Again Mullins waited. He saw Weigand look at the watch on his wrist, and then up at the clock on the wall. Weigand said they ought to be hearing from Stein. Mullins looked enquiring. Weigand said Stein was at the lawyers' office.

“Williams, Franke and something or other,” he said. “Miss Gipson's attorneys. Attorneys for the estate she was handling. The people who know—”

The telephone on his desk rang and he spoke into it. He said, “All right, Stein, come along up.” He replaced the receiver and said, “Speaking of coincidences.”

They waited, looking at the door, and Detective Sergeant Stein came in. He was a trim, slender man in his thirties, with dark, absorbed eyes. He sat down where Spencer had sat. He said he had seen a man named Mason. He said Mason had given him the dope.

Amelia Gipson was the daughter of Alfred Gipson, Stein said, checking with his notes as he talked. Alfred Gipson had died, leaving a good deal of money, in 1901. He had left it to his wife in trust and, on her death two years later, it had been divided between the two children, Amelia and Alfred Gipson, Jr. Each had received around three hundred thousand dollars. Amelia had put hers, for the most part, in bonds; a good deal of it in government bonds. She had lived on the interest; until recently, when taxes went up and interest down, she had done a little better than live on the interest. But say she left about the same sum she had inherited.

“To?” Weigand said.

Stein said he was coming to that. He said it wasn't, he thought, the most important thing. But she had left the bulk of it to a nephew and a niece, in equal shares. To get back, he said.

Alfred, Jr., Amelia's brother, had been about ten years older than Amelia—he had been born in 1883, and had been twenty when his mother died. And at twenty, apparently, he had started making money. He had made it, sometimes rapidly, sometimes slowly, but almost always consistently, until he died in 1940. He had also found time to marry and beget two children. His wife died when her daughter was born in 1922, which made the daughter twenty-three. The son was two years older. That was John. The girl was Nora. But no longer Nora Gipson. Now Nora Frost, wife of Major Kennet Frost.

“Air Force major,” Stein said. “He's been in the Pacific. But he got back Stateside yesterday, Mason thinks. They expect him in New York today some time. Everybody's all steamed up—or everybody was yesterday. The aunt's death—made a difference, Mason supposes, to get back.”
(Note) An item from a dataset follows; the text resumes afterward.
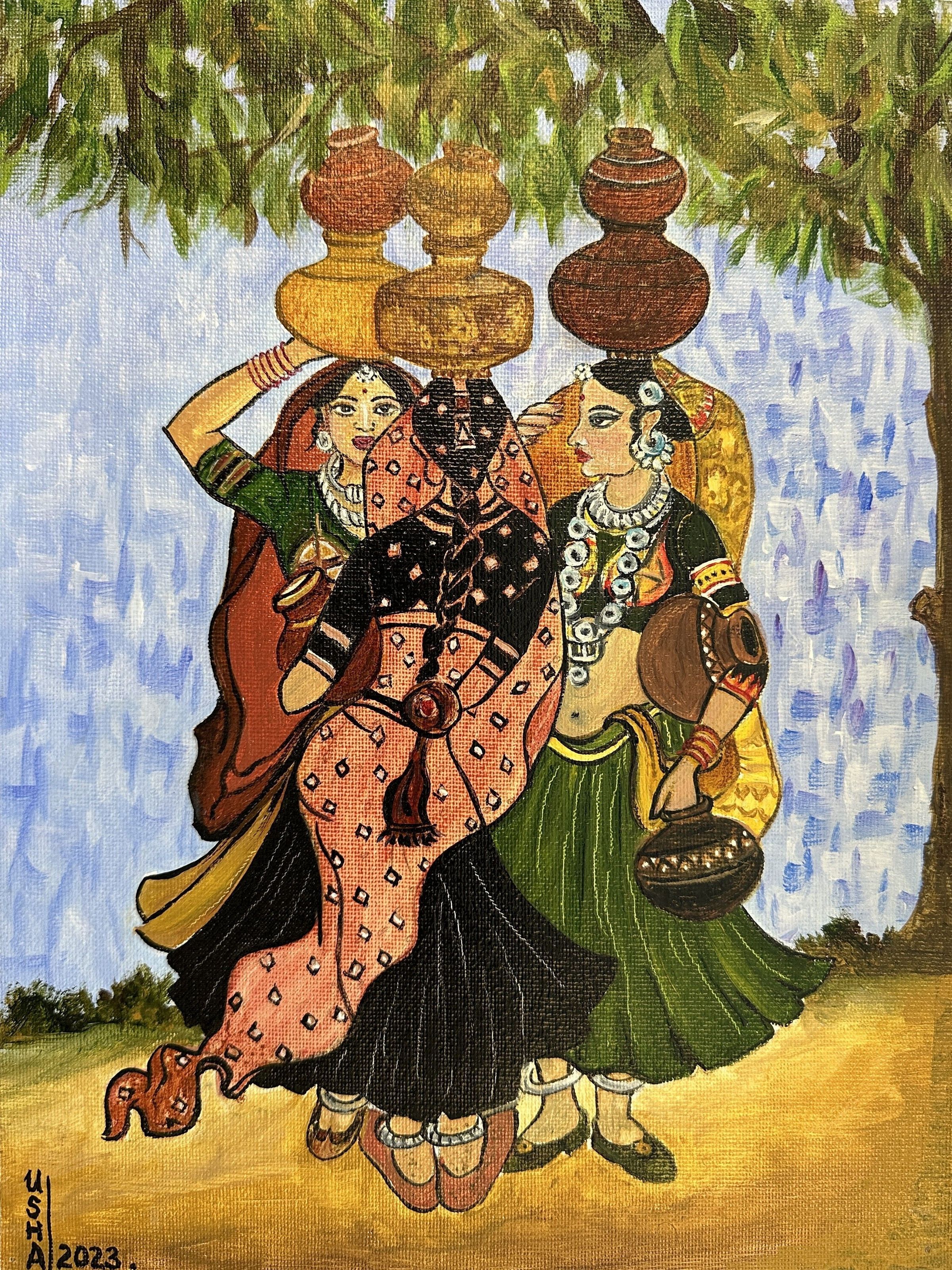 On Lok Peralta - Usha Bhatnagar - Gossiping - oil on board - Selected

Alfred Gipson, who had dropped the junior when his father died, had brought up the children with some advice from his sister, who, however, had apparently exercised a rather distant supervision, except in the summers, when she had joined the family at a place they had in Maine. She and the children, with enough servants, had spent most summers there when John and Nora were growing up, and Alfred had come up for long weekends and sometimes for a week or two at a time.

Alfred Gipson had had almost a year's warning of his death. He had drawn up his will when John was nineteen and Nora seventeen. He left his money—which ran to about a million and a half after taxes—to his sister in trust for the children, with the proviso that it was to be divided between them when Nora was twenty-five. Stein paused and looked up.

“Or,” he said, “upon the death of Amelia Gipson, whichever should occur first.”

Weigand nodded slowly.

“So the children cut up a million and a half,” he said. “Plus Amelia's share.”

“Less tax,” Stein said.

“Less tax,” Bill Weigand agreed. “Still all right, I should think. The next question—are the children hard up?”

Mason said not, Stein told him. Major Frost had some money—not the same kind of money, but some.

“And John's probably in the Army,” Weigand said. “Or the Navy?”

Stein shook his head.

“Apparently not,” he said. “John's a chemist—for his age, Mason thinks a pretty important chemist. Too important to get killed, unless he blows himself up. Mason seemed to think there was a pretty good chance he would, although the stuff he's working on is all very secret. Has been right along. Mason thinks now it may have had something to do with the atomic bombs, but he still doesn't know. And John's still working at it. Up in Connecticut somewhere, apparently a good way from other people except the people he's working with. Only he's in town now.”

“Why?” Weigand wanted to know.

Stein shrugged. He said he had asked Mason. He said Mason didn't know.

“Mason says if anybody knows, it's Backley,” Stein said. “Backley is another member of the firm. He's out of town, but's expected back this evening. Mason says Backley is the man who has really handled the Gipson affairs and had most of the personal contacts with them. He says we'll want to talk to Backley.”

Weigand nodded. He said they would.

“And,” he said, “with the children.” He tapped his desk gently. “Rather soon,” he added.

5

W
EDNESDAY
, 10:20
A
.
M
.
TO
1:45
P
.
M
.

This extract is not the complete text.